What’s interesting though is that most collectors are anticipating that the NFT craze will die down for a long cycle, leaving collection worth very little for years or even decades. However, since most collectors are crypto enthusiasts, they are aware of BTC and ETH price corrections. Bitcoin and Ether have plummeted in value several times but they recovered each time and surged to record-breaking heights. So the general sentiment is that the NFT market is like to go through similar shakeouts to remove the weaker hands.
In fact, NFTs showed resiliency when the crypto market crashed back on May 12. Bitcoin lost 30% of its price after Elon Musk announced that Tesla wouldn’t push through with accepting Bitcoin as a mode of payment. Panic trading ensued and more than one million traders liquidated in one day. Despite this, users continued to purchase, trade and sell NFTs. In fact, NFT transactions sore even higher when crypto prices started to plummet. Daily transactions reached 94,000 NFT versus a previous high of 82 373.

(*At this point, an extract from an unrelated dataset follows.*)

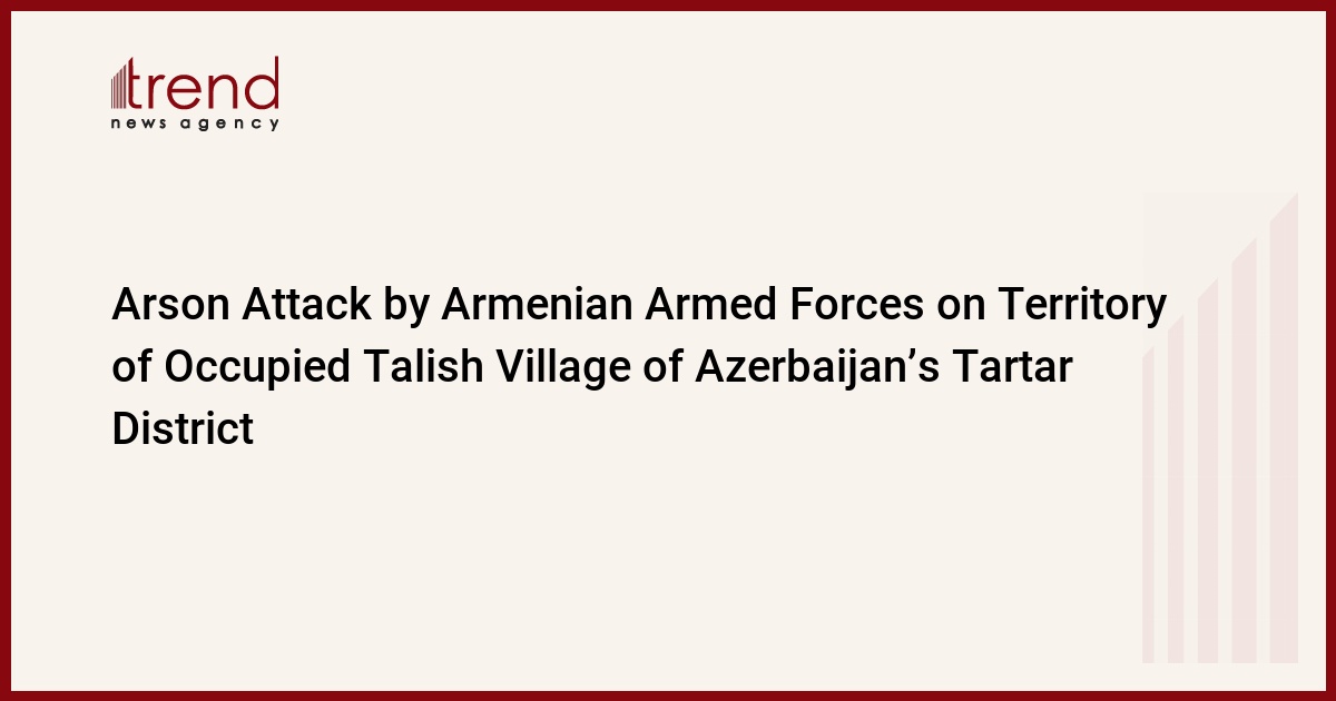 Azerbaijan, Baku /corr. Trend Sh.Jaliloglu / On 15 August at approximately 22:00 hours, a division of the Armenian Armed Forces committed an arson attack on the territory of occupied Talish village of Azerbaijan's Tartar district. According to the information by the Executive Power of Tartar district, the Armenian Armed Forces set light to nearly 100 ha of vegetation.

Coinbase Co-Founder Recognizes Merits of NFTs
The Coinbase co-founder didn’t really dismiss the NFT technology. Instead, Ehrsam believes that fluctuations aside, cryptocurrency is truly the next internet-sized opportunity for the United States.
He added, “The world doesn’t change overnight, but you can see the seeds of exponential growth occurring already. I think we will live in a future where we won’t need these centralized platforms today for us to coordinate. That’s already true of financial services, in that you can be your own bank. You don’t need a central institution to hold your money anymore.”
Stretching it a bit, the trends suggest that these are the early days of a grand shift to an economy where creators will sell anything digital. Beeple argues that digital art is far more influential now than traditional painting or sculpture. He asserts that technically since we are in the digital age, everything we are looking at right now is made by digital artists.
To build a new creator economy using NFTs one thing has to change. NFTs have turned into a hit-based, winner-take-all game of speculation. To build a new creator economy using NFTs this has to change. Based on reports, a tiny minority of artists and collectors held most of the wealth produced by NFT art. For example, Farzin Fardin Fard, a music recording studio owner in Dubai has a near-monopoly of the meme space. He owns Disaster Girl, Charlie Bit Me, Overly Attached Girlfriend and Creepy Chan.
Most NFT projects are putting a premium on building eco-friendly projects and partnering with green blockchains like Tezos. This is because the blockchain space is being scrutinized for its energy use. However, the Coinbase Co-founder has a different view and doesn’t see it as a deal-breaker. He said, “My personal view is it’s actually going to be a lot more energy-efficient to use these digital systems of value transfer over time. But it’s understandable that there’s a lot of confusion early.”
Despite Ehrsam’s controversial statement, there’s a consensus that NFTs are here to stay and history is still being written.